Unread postby Newfie » Mon 16 Dec 2019, 06:23:06

Probably not the best thread for this but it’s what I found.

Below is a post I have copied from another board. The poster is an American living in Nordic countries, not sure of his profession but he is a businessman who is doing well for himself. He normally has pretty well thought out post so I’m inclined to believe what he says, a credible source.

I post this to seed ideas.

.....A country without millionaires is a country without accumulated capital and so without the conditions for forming capital, and therefore without the conditions for entrepreneurship and the creation of jobs, technology, and innovation. Capital makes the world go round. You want as much of it in as many hands as possible, if you want a dynamic economy and a dynamic society.

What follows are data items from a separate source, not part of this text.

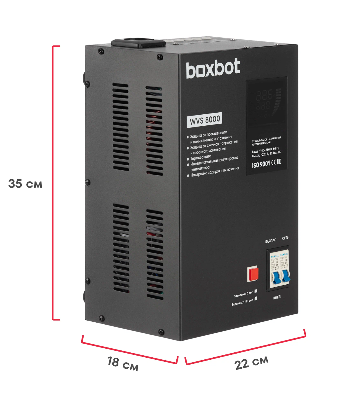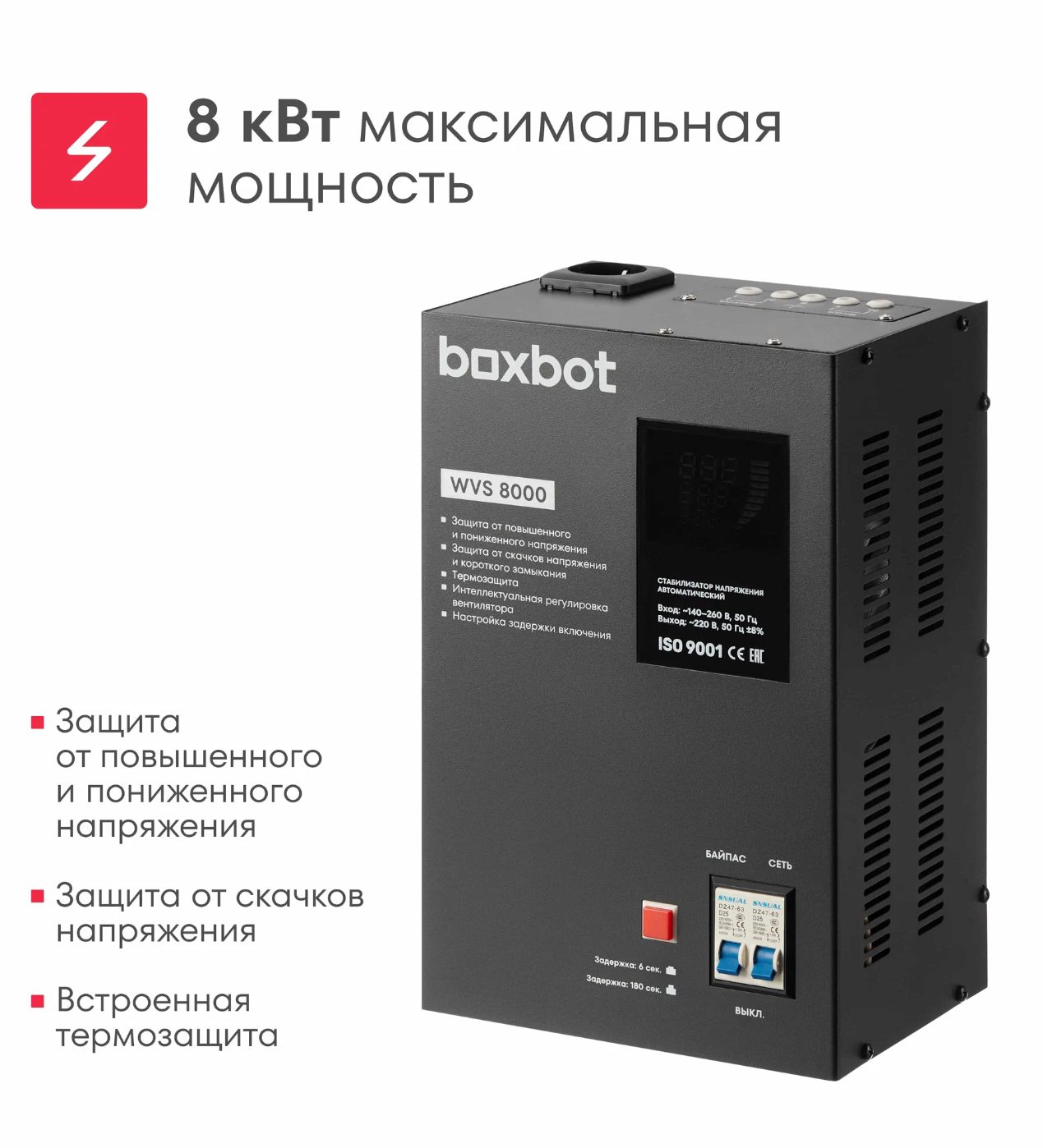 Стабилизатор напряжения автоматический Boxbot WVS 8000, 8 кВт, клеммник+розетка, настенный/напольный, LCD-дисплей, настройка задержки, байпас
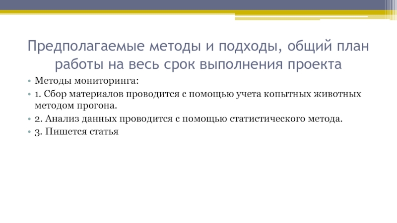 Слайд 12Предполагаемые методы и подходы, общий план работы на весь срок
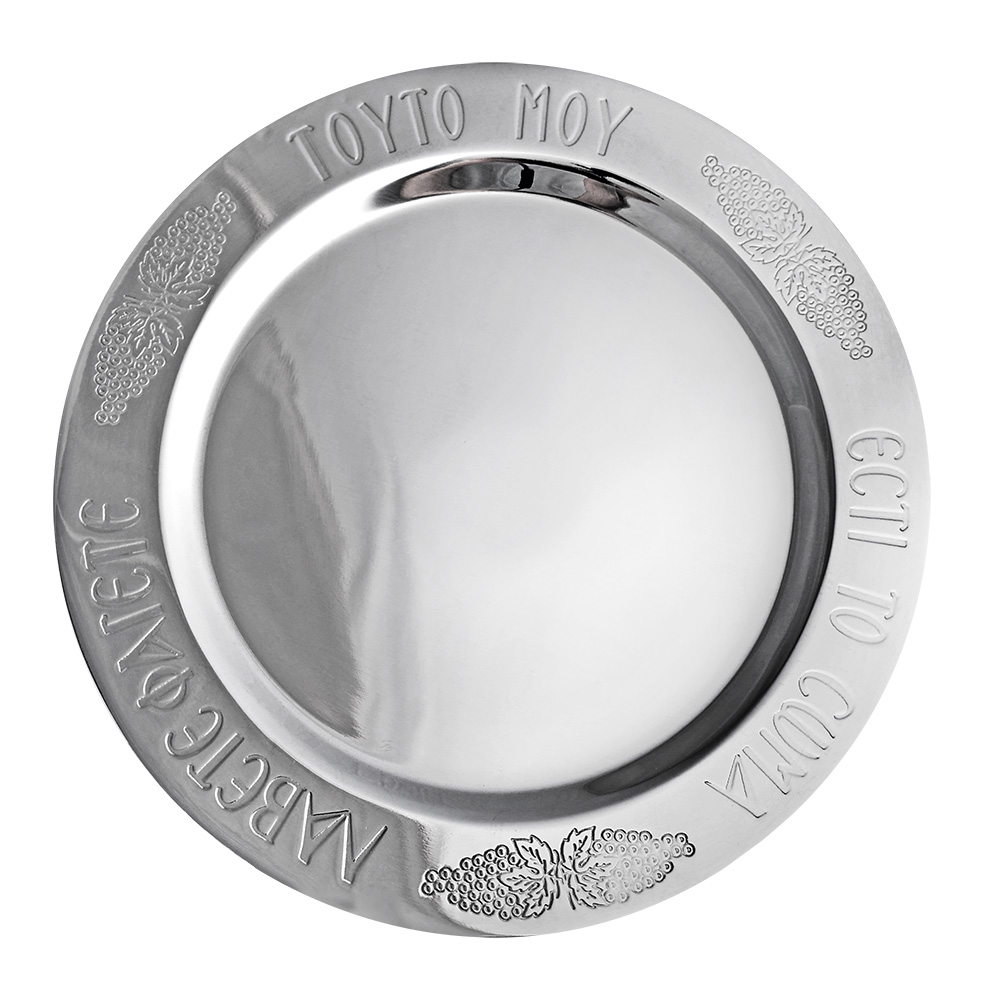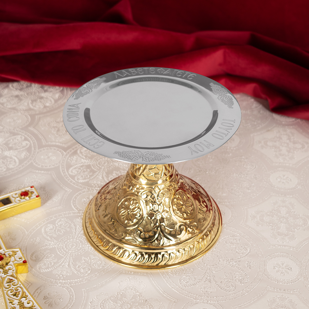 Материал: нижняя часть дискоса - латунь, тарель - нержавеющая сталь.
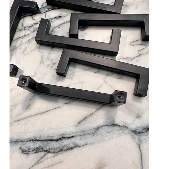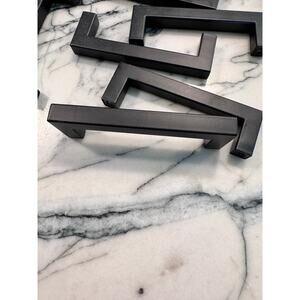 New (Open Box) modern square-bar cabinet/drawer pulls in a versatile matte black. Standard 4" CTC spacing for easy kitchen, bath, or dresser updates. New in open box; contents verified and photographed. Clean, minimalist look that suits contemporary, transitional, and modern farmhouse styles. All mounting screws included for common thicknesses 1/2"–1-1/2".

The Nordic countries understand this and contrary to American stereotypes about them, they go to great lengths to promote entrepreneurship and allow people to accumulate capital. Sweden and Finland have a far LESS progressive income tax structure than the U.S., corporate tax rates are roughly half, in Finland the state will pay you two years of your former salary if you quit a job in order to start a new company. The Nordic countries have no wealth taxes and no inheritance taxes (except for an inheritance tax only in Denmark). I have a very wealthy American friend, worth more than $100 million, who gave up his American passport in order to take up Swedish citizenship. Sweden has LOTS of millionaires -- 116,000 dollar millionaires, to be exact (https://www.thelocal.se/20170928/swe...ires-than-ever), putting Sweden in the top 25 countries in absolute numbers of them, not per capita (and Sweden has only 10 million people).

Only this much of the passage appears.